The Current State of the Economy
The UK Economy and particularly public serves have taken a battering in recent years. James Kirkup writing in the Financial Times on 13 August said that
‘Public services will wither unless the UK makes hard tax choices’.
After the 2008 credit crunch, came a decade of Government-induced austerity followed by Brexit, the Pandemic, and now the Ukraine war. In education, teachers have seen a large decrease in their earnings, and school buildings and other facilities are in poor shape. In health, there are 100,000 job vacancies and a shortage of beds. The NHS relies on foreign doctors and nurses to an unhealthy extent, medical facilities are understaffed, and waiting times for treatment are long. In social care, nothing has been ‘fixed’. In agriculture, crops are left to rot, pigs are slaughtered and their carcasses burnt, all because the relevant labour is in short supply. Farmers are facing cheaper and environmentally-below-standard imports from Australia and New Zealand. Transport is suffering from shortages of lorry drivers, airport luggage and customs chaos, long queues at Dover, and rail strikes. Police services are struggling with shortage of manpower, internal discipline problems, and low public confidence. Local Government services have been severely reduced due to Central Government reducing grants.

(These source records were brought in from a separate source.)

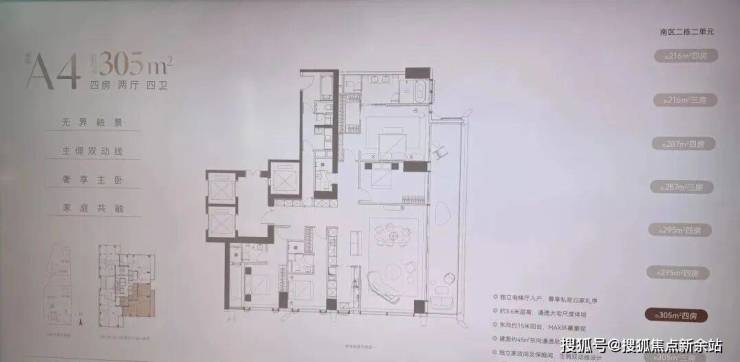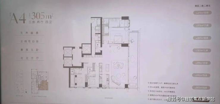 · 304㎡户型: 低区最大户型,空间布局奢华,功能分区明确,满足多代同堂的居住需求。
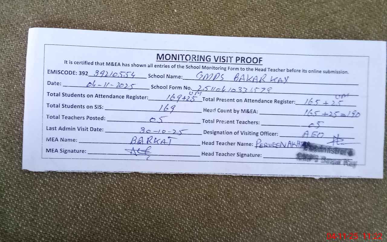 | Attendance Register | Head Teacher | MEA with School | Visit Proof |
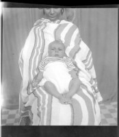 - A portrait of a baby (seated in mother's lap with cloth as a backdrop).
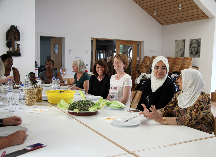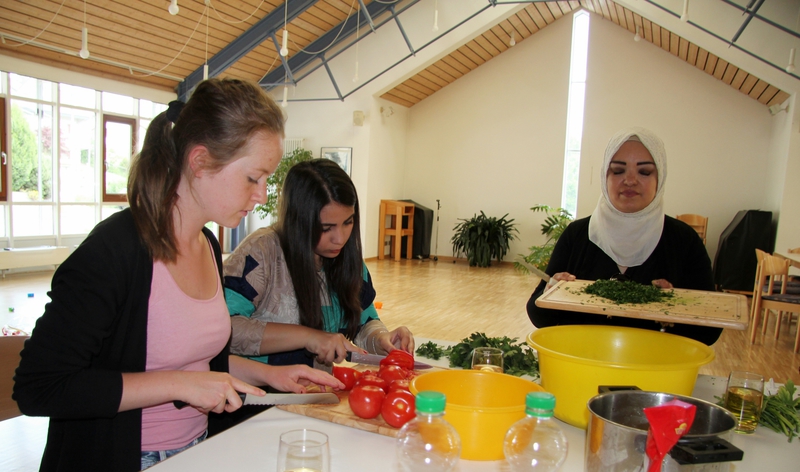 Wenn es etwas gibt, das alle Menschen verbindet – egal welcher Religion, Abstammung oder Kultur – dann ist es definitiv das Essen. Am Nachmittag des 13. Mais trafen sich einige Frauen des Arbeitskreises mit syrischen und afrikanischen Flüchtlingen, um gemeinsam zu kochen. In der Küche des katholischen Gemeindehauses wurde fleißig geschnippelt, gebraten und gewürzt. Für das arabische Taboulé wurden frische Petersilie, Zwiebeln und Tomaten in feine kleine Stückchen geschnitten, während die Afrikanerinnen am Herd ein landestypisches Reiscurry zubereiteten. Anschließend saß man gemütlich zusammen am Tisch und genoss die internationalen Gaumenfreuden. Es entstanden rege Gespräche und man verabredete sich unter anderem zum „Schwäbischen Kochen“ und zum gemeinsamen Walken. Der nächste Termin für das internationale Kochen wird hier auf der Webseite und auf Facebook bekannt gegeben.
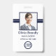 Nombre de la foto Tarjeta de identificación de empleado | Blanco Navy. Agregue sus datos personalizados a esta tarjeta de identificación de empleado personalice con la foto del empleado, nombre y título. Con una opción adicional para información adicional.
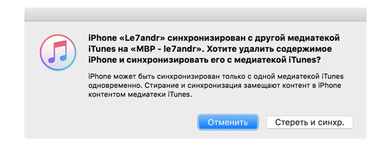 «iPhone синхронизирован с другой медиатекой iTunes. Хотите удалить содержимое iPhone и синхронизировать его с медиатекой iTunes?».
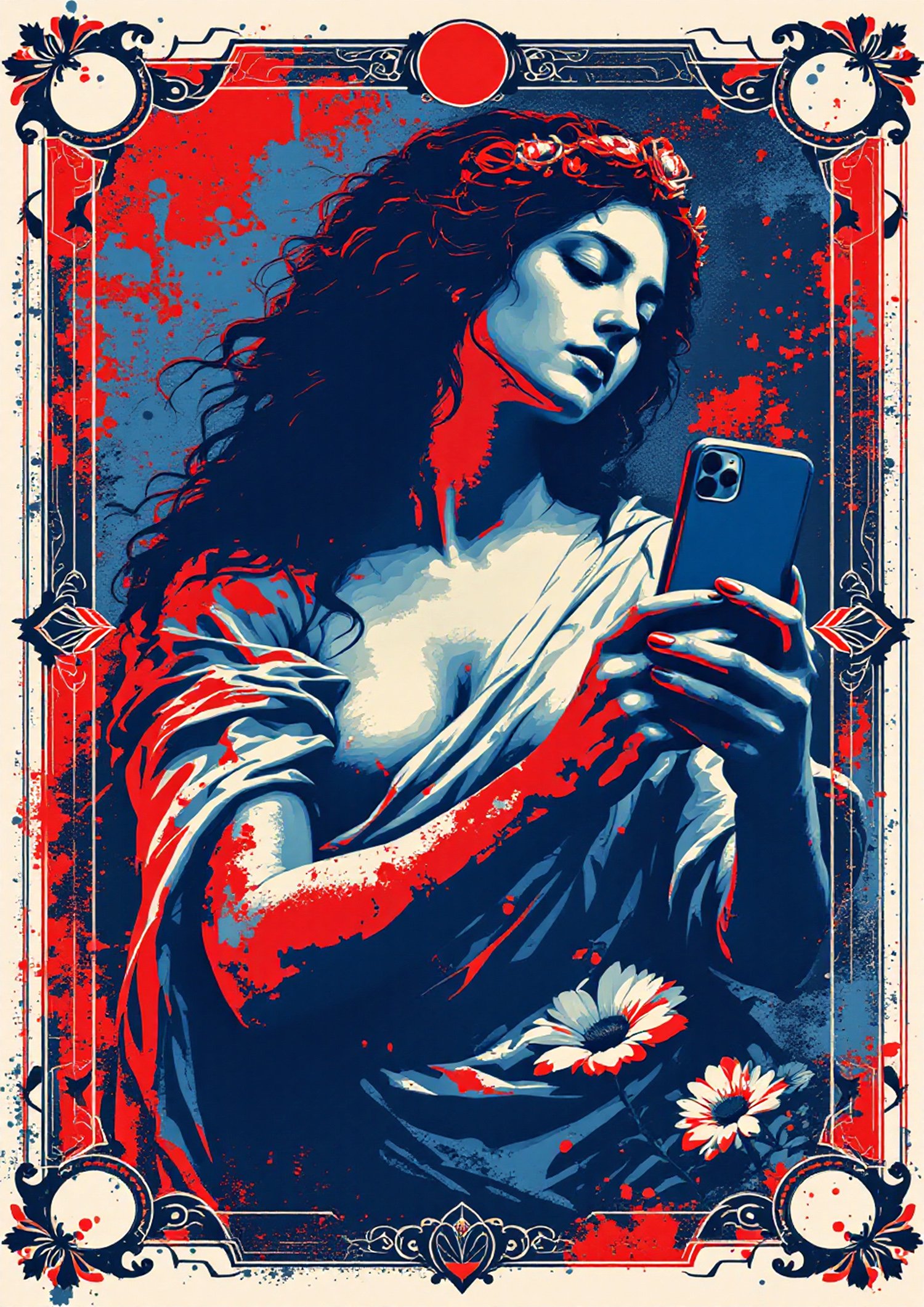 Une figure féminine inspirée de l’art classique, drapée de douceur et de silence, est absorbée par l’écran lumineux de son smartphone. Le geste est simple, presque intime, mais le contraste est saisissant.
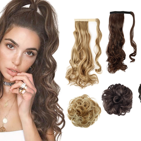 - Extensiones de pelo sintético en forma de coleta o moño
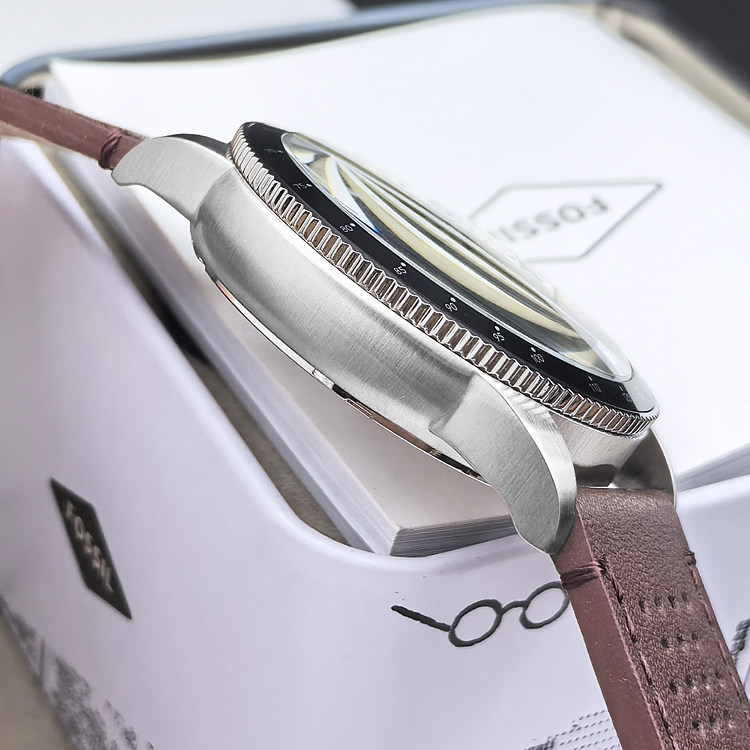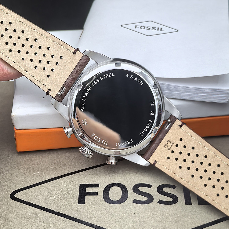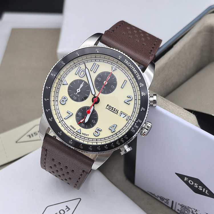 FOSSIL手表真皮表带透气三眼计时商务休闲石英表防水男表FS6042
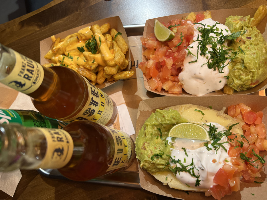 The image displays an overhead view of a casual meal set on a light brown wooden table, consistent with a dining establishment in Stuttgart, Germany. A metallic tray in the upper left holds three bottled beverages: two Franziskaner Natur Radler bottles, identifiable by their yellow labels with one clearly marked "Zitrone" (lemon), and one green Sprite bottle. A white paper, possibly a receipt, is partially visible beneath the bottles. Below the drinks, various food items are presented in brown cardboard containers. To the left, a baked potato (Kumpir) is split open and generously topped with a layer of guacamole, a dollop of white cream sauce, diced red tomatoes, and a lime wedge, garnished with chopped green herbs. Adjacent to it on the right, another container holds french fries similarly topped with guacamole, white cream sauce, diced red tomatoes, a lime wedge, and chopped green herbs. A third container, positioned above these to the right, contains french fries coated in a melted orange cheese sauce and sprinkled with green herbs. No individuals are visible in the frame.
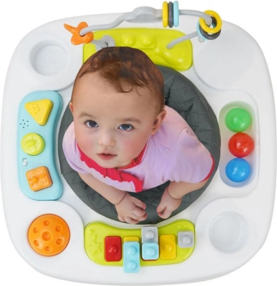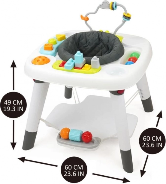 Masa de joacă interactivă pentru copii 3 în 1 este mai mult decât doar o jucărie. În prima etapă, copilul poate explora lumea din confortul unui scaun cu jucării ușor accesibile. A doua etapă aduce distracția învățării mersului și interacțiunii cu jucăriile interactive și colorate aranjate în jurul mesei. A treia și ultima etapă transformă masa într-o piesă de mobilier funcțională, care poate fi folosită pentru joacă, masă sau alte activități creative.

Households are experiencing hardship and falls in living standards due to general inflationary pressure, below-inflation wage rises, and enormous rises in energy costs.
And now the Bank of England Monetary Policy Report for August 2022 forecasts a recession for the UK (two successive quarters with negative growth), and inflation to reach 13% this year. Interest rates are rising.
A New Prime Minister
In spite of all this, Ms Truss insisted (Independent 5 August 2022) that a recession was “not inevitable” and repeated her belief that her plans would provide economic growth.
But expecting Truss to come in as a new Prime Minister and turn the juggernaut that is the UK economy round with her plans for economic growth is pure moonshine.
That Daily Mail headline should have read:
“Truss has the ideological conviction of the deranged to worsen the deeply damaged UK that Boris has helped to cause”.
And the Daily Express headline should have read:
“Truss: Only I can deliver the changes that the UK desperately doesn’t need”.
Economic Growth will not be ‘delivered’ by sound-bites but only by an intelligent, informed, open-minded and caring Prime Minister, which Liz Truss does not appear to be, and a competent Government, which this one is not.